| THE PROBLEM |
When you reach the line containing "Tại phường Phước", start transcribing exactly and continue through the last line of the data, skipping every picture.

| EXERCISE DATA |
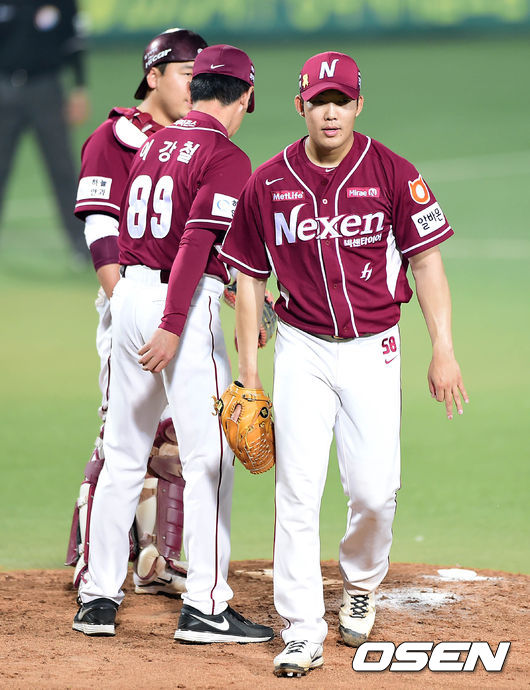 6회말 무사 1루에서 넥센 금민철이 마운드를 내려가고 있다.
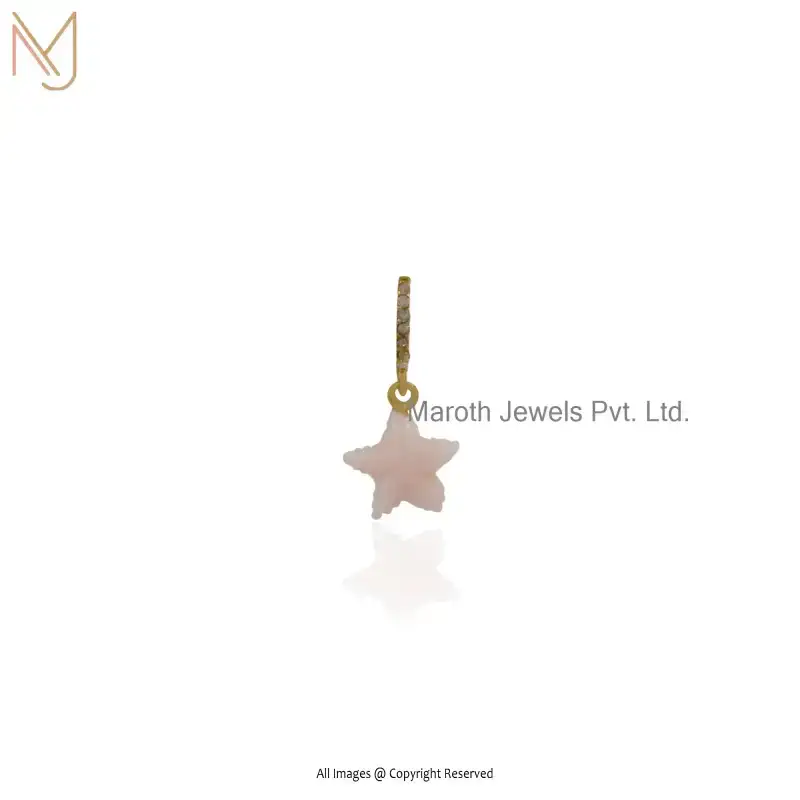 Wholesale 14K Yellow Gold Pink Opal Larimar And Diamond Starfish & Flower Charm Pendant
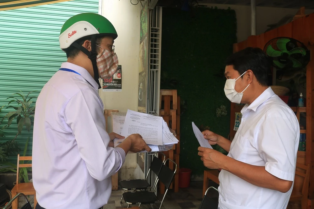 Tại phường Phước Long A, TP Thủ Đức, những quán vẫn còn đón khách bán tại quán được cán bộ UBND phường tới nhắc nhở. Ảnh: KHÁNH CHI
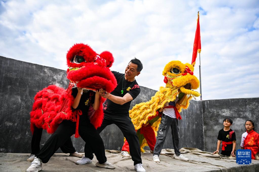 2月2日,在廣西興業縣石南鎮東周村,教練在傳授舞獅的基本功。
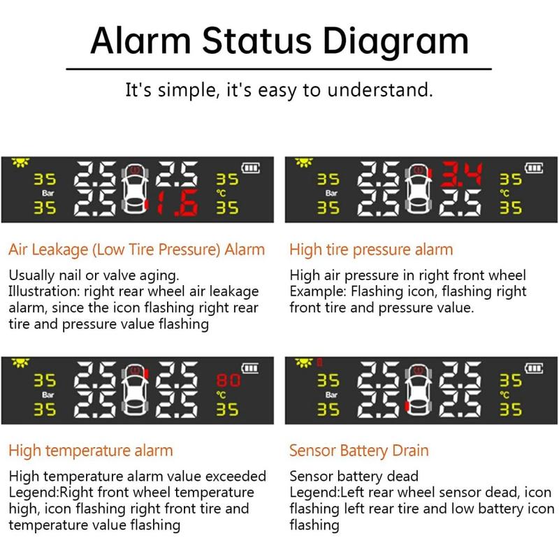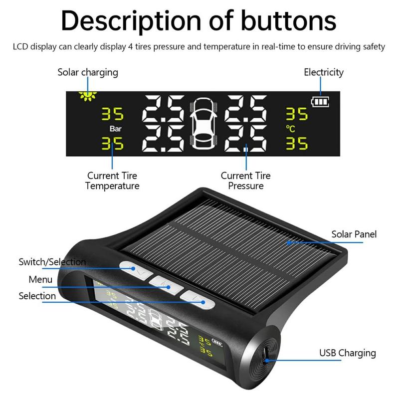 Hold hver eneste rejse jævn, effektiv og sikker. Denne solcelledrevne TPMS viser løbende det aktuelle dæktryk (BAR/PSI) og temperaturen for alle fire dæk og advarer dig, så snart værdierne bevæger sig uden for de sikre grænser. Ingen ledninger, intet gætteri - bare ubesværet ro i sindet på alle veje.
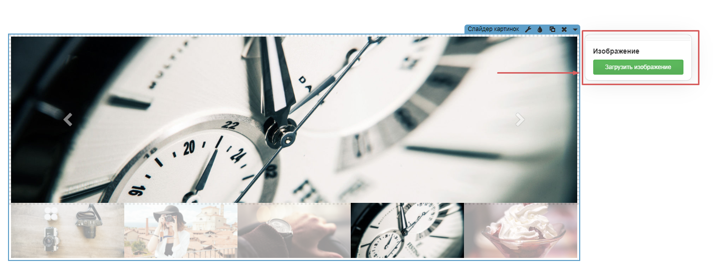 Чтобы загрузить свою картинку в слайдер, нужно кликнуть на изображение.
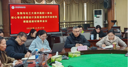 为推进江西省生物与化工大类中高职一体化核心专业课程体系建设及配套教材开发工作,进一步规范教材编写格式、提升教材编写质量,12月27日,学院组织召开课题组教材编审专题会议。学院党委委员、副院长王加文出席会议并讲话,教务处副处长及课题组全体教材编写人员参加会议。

| ANSWER FOR THE TASK |
 Tại phường Phước Long A, TP Thủ Đức, những quán vẫn còn đón khách bán tại quán được cán bộ UBND phường tới nhắc nhở. Ảnh: KHÁNH CHI
 2月2日,在廣西興業縣石南鎮東周村,教練在傳授舞獅的基本功。
 Hold hver eneste rejse jævn, effektiv og sikker. Denne solcelledrevne TPMS viser løbende det aktuelle dæktryk (BAR/PSI) og temperaturen for alle fire dæk og advarer dig, så snart værdierne bevæger sig uden for de sikre grænser. Ingen ledninger, intet gætteri - bare ubesværet ro i sindet på alle veje.
 Чтобы загрузить свою картинку в слайдер, нужно кликнуть на изображение.
 为推进江西省生物与化工大类中高职一体化核心专业课程体系建设及配套教材开发工作,进一步规范教材编写格式、提升教材编写质量,12月27日,学院组织召开课题组教材编审专题会议。学院党委委员、副院长王加文出席会议并讲话,教务处副处长及课题组全体教材编写人员参加会议。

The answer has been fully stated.